What this error means
API Error (529): overloaded_error — Repeated API Error (529 "type":"overloaded_error") responses during Claude Code terminal usage is a Anthropic API / Claude Code failure pattern reported for developers trying to fix repeated 529 overloaded_error from anthropic api causing claude code sessions to fail with escalating retries. Based on the imported evidence, treat this as a tool-specific troubleshooting page rather than a generic API error.
Why this happens
Sources: https://github.com/anthropics/claude-code/issues/3555, #4149, #4154, #5769, #2919 — Multiple recurring reports across different dates showing persistent overloaded_error (HTTP 529) on Anthropic API. Retries escalate exponentially making sessions unusable. Affects both individual and org-tier users. Category mapping: Anthropic API (primary error origin), also relevant to Claude Code/AI Coding Tools ecosystem. High duplicate_risk among variants; consolidated here as one canonical candidate.
Common causes
- Sources: https://github.com/anthropics/claude-code/issues/3555, #4149, #4154, #5769, #2919 — Multiple recurring reports across different dates showing persistent overloaded_error (HTTP 529) on Anthropic API. Retries escalate exponentially making sessions unusable. Affects both individual and org-tier users. Category mapping: Anthropic API (primary error origin), also relevant to Claude Code/AI Coding Tools ecosystem. High duplicate_risk among variants; consolidated here as one canonical candidate.
Quick fixes
- Confirm the exact error signature matches
API Error (529): overloaded_error — Repeated API Error (529 "type":"overloaded_error") responses during Claude Code terminal usage. - Check the Anthropic API / Claude Code account, local tool state, and provider configuration involved in the failing workflow.
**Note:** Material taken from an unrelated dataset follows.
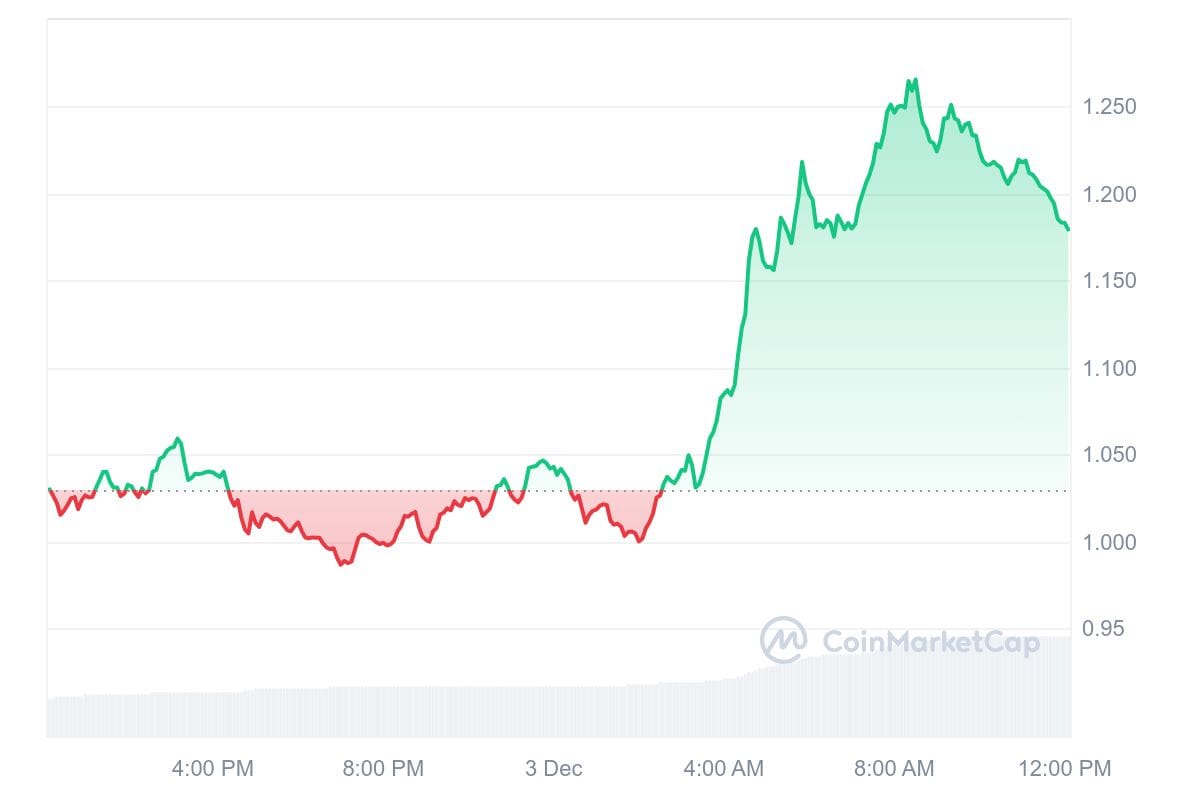 The excitement surrounding Sonic Chain has already influenced Fantom’s native token, $FTM. Following the Genesis Block announcement, $FTM saw a surge of over 15% in value, outperforming broader market trends to climb to $1.256, before settling around $1.18 currently.

- Reduce request pressure, check quota or plan limits, and retry with backoff instead of immediate repeated requests.
Platform/tool-specific checks
- Verify the command, editor, extension, or API client that produced the error.
- Compare local settings with CI, deployment, or editor-level settings when the error appears in only one environment.
- Avoid deleting credentials, local model data, or project settings until the failing scope is clear.
Step-by-step troubleshooting
- Capture the exact error message and the command, editor action, or request that triggered it.
- Check whether the failure is account/auth, quota/rate, model/provider, local runtime, or deployment configuration.
- Review the source evidence below and compare it with your environment.
- Apply one change at a time and rerun the smallest failing action.
- Keep the working fix documented for the team or deployment environment.
How to prevent it
- Keep provider/tool configuration documented.
- Record non-secret diagnostics such as tool version, provider name, model name, and command path.
- Add a lightweight check before CI or production workflows depend on the tool.